From the sands of Egypt to outer space

There aren’t very many substances which have been both manufactured in the sands of ancient Egypt and in outer space. In fact, off-hand, I know of only one: glass.

Glass is an “amorphous solid”– its molecules don’t form a strict pattern, like the molecules of steel or granite, but are jumbled together like more like the molecules in a fluid. You might think of glass as a very stiff liquid.

The glass we’re familiar with consists primarily of sand, heated with other materials such as soda and limestone to about 1,300 degrees Celsius. (The additional materials lower the melting point of pure sand to a temperature achievable with a wood fire.)

Since the principle requirements for making common glass are sand and fire, it’s not surprising the ancient Egyptians, who had plenty of both, started using glass (as a decorative glaze) around 3,000 B.C. The discovery of glassblowing, probably about 50 B.C. in Phoenicia, made possible, and affordable, many new glass objects.

In medieval times the Venetians created new compositions, colours (through the addition of various impurities) and techniques. In the late 1600s the English invented “crystal,” which had a unique sparkle thanks to the use of very pure raw materials and the addition of lead oxide, which makes glass refract light more sharply than usual, resulting in rampant rainbows.

Most commercial glass is soda-lime glass, made from inexpensive ingredients–sand, soda and lime–that can be worked at a relatively low 700 degrees Celsius. Borosilicant glass, such as Pyrex, is a distant second in commercial importance. Because it doesn’t expand or contract as much when heated or cooled, it’s ideal for use in kitchens and laboratories everywhere.

Glass is brittle because it has many microscopic flaws in its surface. Putting stress on the glass causes these flaws to grow at the tip until the glass shatters (you see this in slow motion when a crack spreads across your windshield). “Tempered” glass is more resistant to breaking because its surface is cooled first, becoming rigid, so that as the interior then cools and shrinks, the whole piece of glass is compressed.

Glass doesn’t have to be made of sand (silica). Any material that can be melted can theoretically make glass. The trick is to cool the melted mass quickly enough to prevent its jumbled atoms from joining up into the strict patterns that define crystals.

In Earth orbit, molten liquids don’t crystallize as easily as they do on Earth, so it’s easier to make glass out of other materials. Delbert Day, the Curators’ Professor Emeritus of Ceramic Engineering at the University of Missouri-Rolla, who has been experimenting with glass melts on space shuttles for the last 20 years, theorizes that this is because of an effect called “shear thinning.” Stirring a thick liquid–say, syrup–makes it more fluid. On Earth, gravity alone is enough to “stir” a melted substance and instigate shear thinning. The increased fluidity allows atoms in the melt to move more rapidly into their preferred crystalline patterns. In space, in the absence of gravity, the melt remains more viscous, making it harder for the atoms to form crystals before the material hardens.
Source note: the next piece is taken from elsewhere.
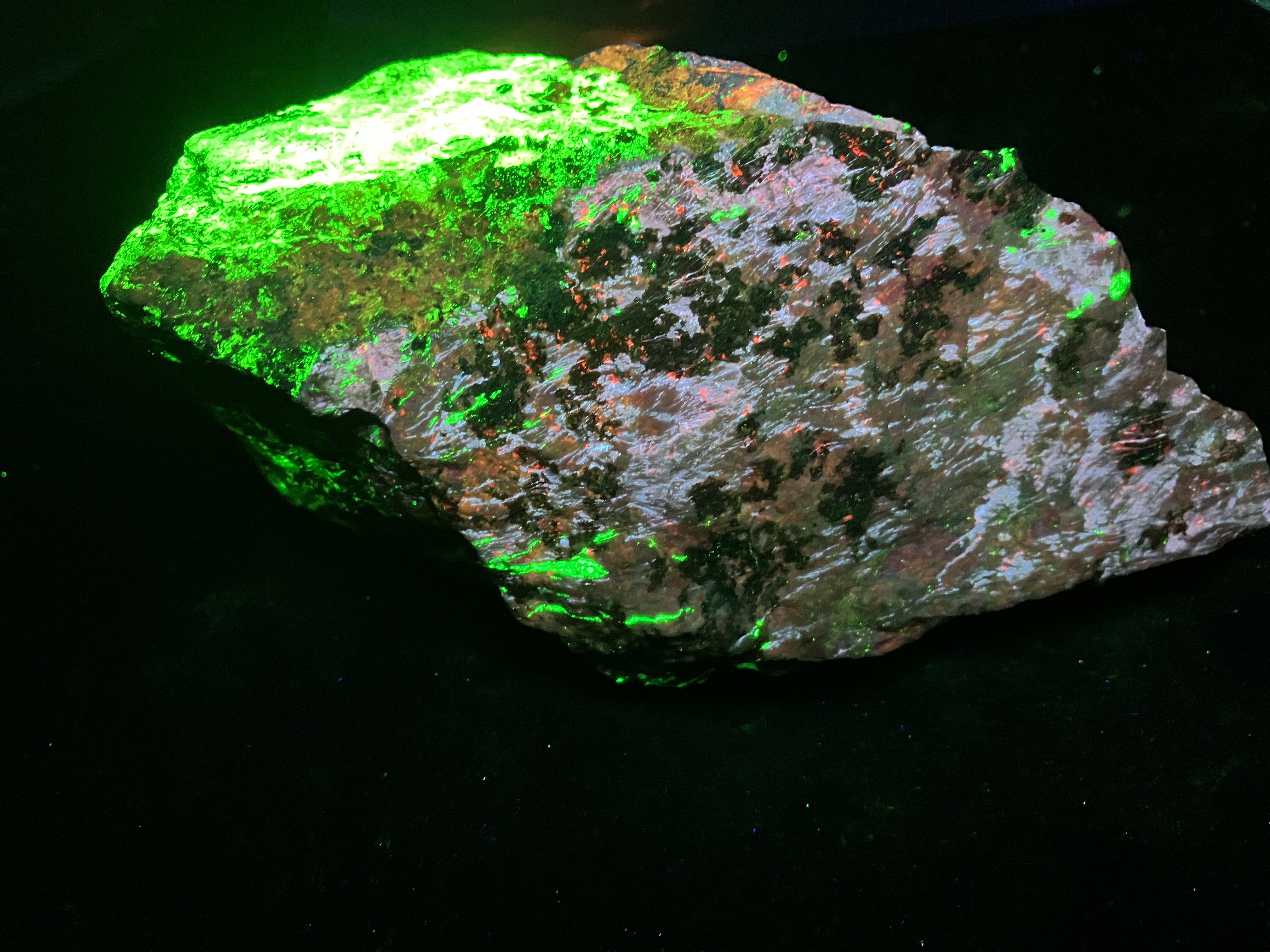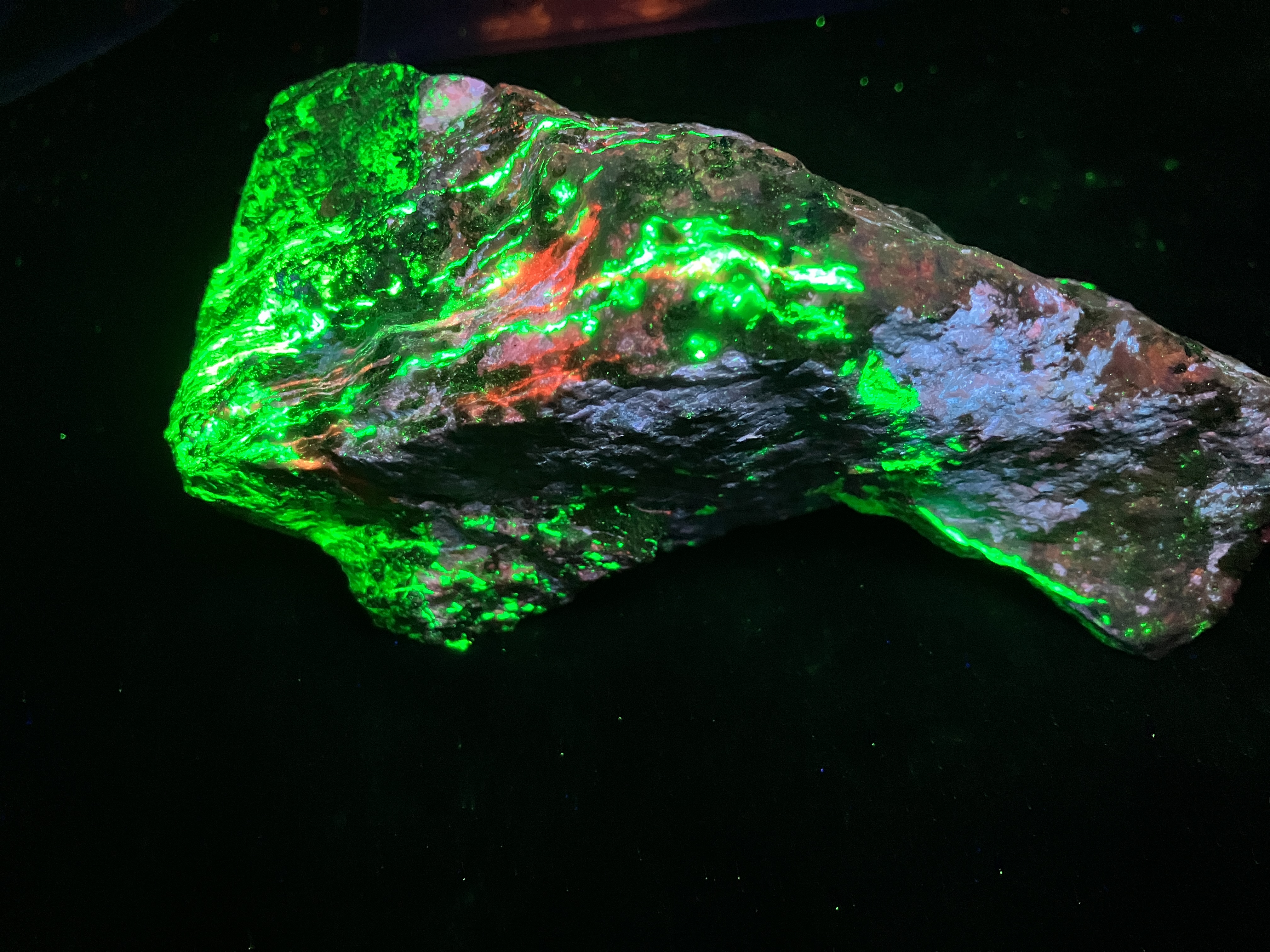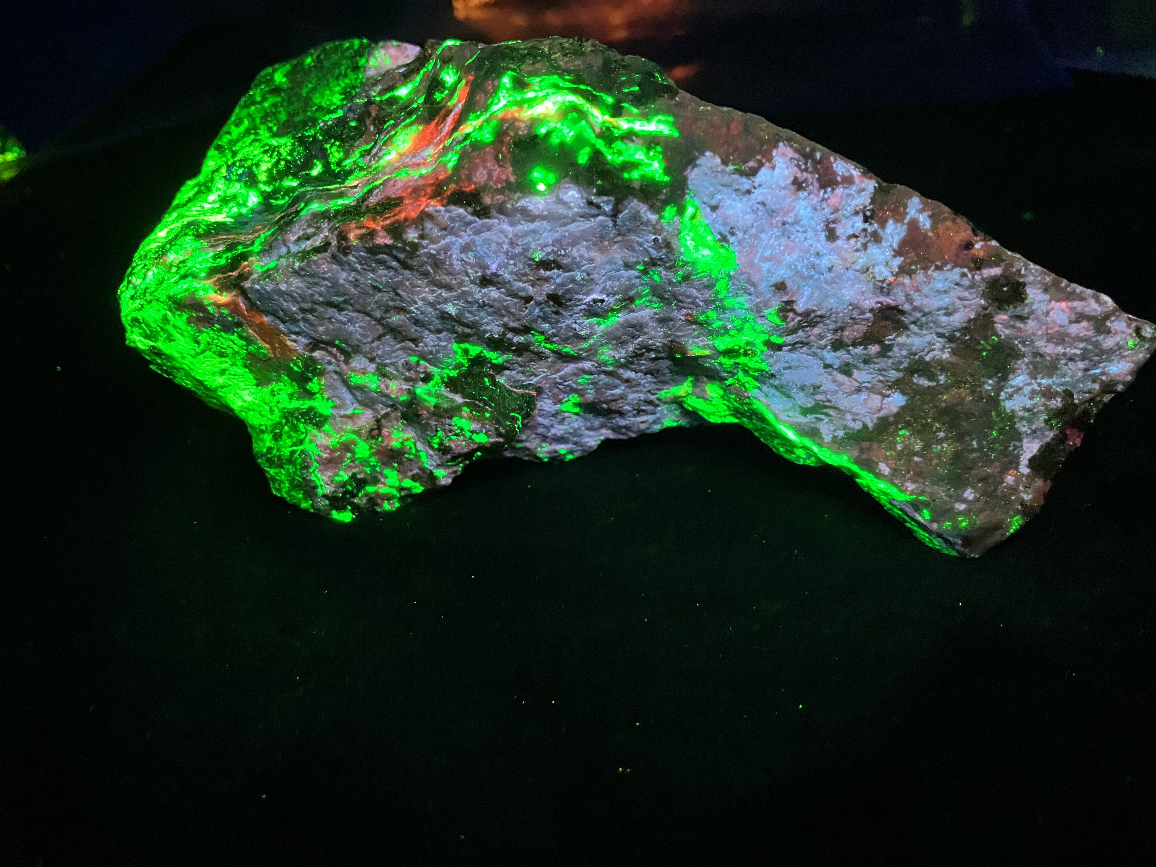 Shortwave UV light: Bright pale blue, often with red zones, less often with white and pink zones Mid wave UV light: Moderately bright red, orange Longwave UV light: Weak red, orange References: Dunn, Pete J. (1995). Franklin and Sterling Hill New Jersey: the world's most magnificent mineral deposits. Franklin, NJ.: The Franklin-Ogdensburg Mineralogical Society. p.499

In experiments with test melts of fluoride glass (a mixture of zirconium, barium, lanthanum, sodium and aluminum) aboard a NASA transport plane that provides short bursts of near-zero gravity interspersed with periods of high gravity researcher, researcher Dennis Tucker found it easy to pull out fibers in low-gravity, but that the melt quickly crystallized in high gravity.

In upcoming experiments, Day will melt and cool identical glass samples on Earth and on the International Space Station, then count the number of crystals in each sample.

If his theory pans out, he may be able to use the knowledge to improve glass-making techniques on Earth, allowing the production of some of the remarkable forms of glass that are currently very difficult to make in gravity.

Those include bioactive glasses that can be used to repair human bones, then dissolve when no longer needed; glasses so insoluble they an be used to treat cancer by delivering high doses of radiation directly to a tumor; strong, corrosion-resistant glasses made of metal from which complex objects like engine parts could be cast (instead of machined); and the aforementioned fluoride glass, a hundred times more transparent than ordinary silica-based glass. (A fluoride-glass fiber optic fiber would be so clear that a light shone in one end in New York could be seen on the other end in Paris.)

Even after 5,000 years, it seems, glass is still on the cutting edge (sorry) of technology.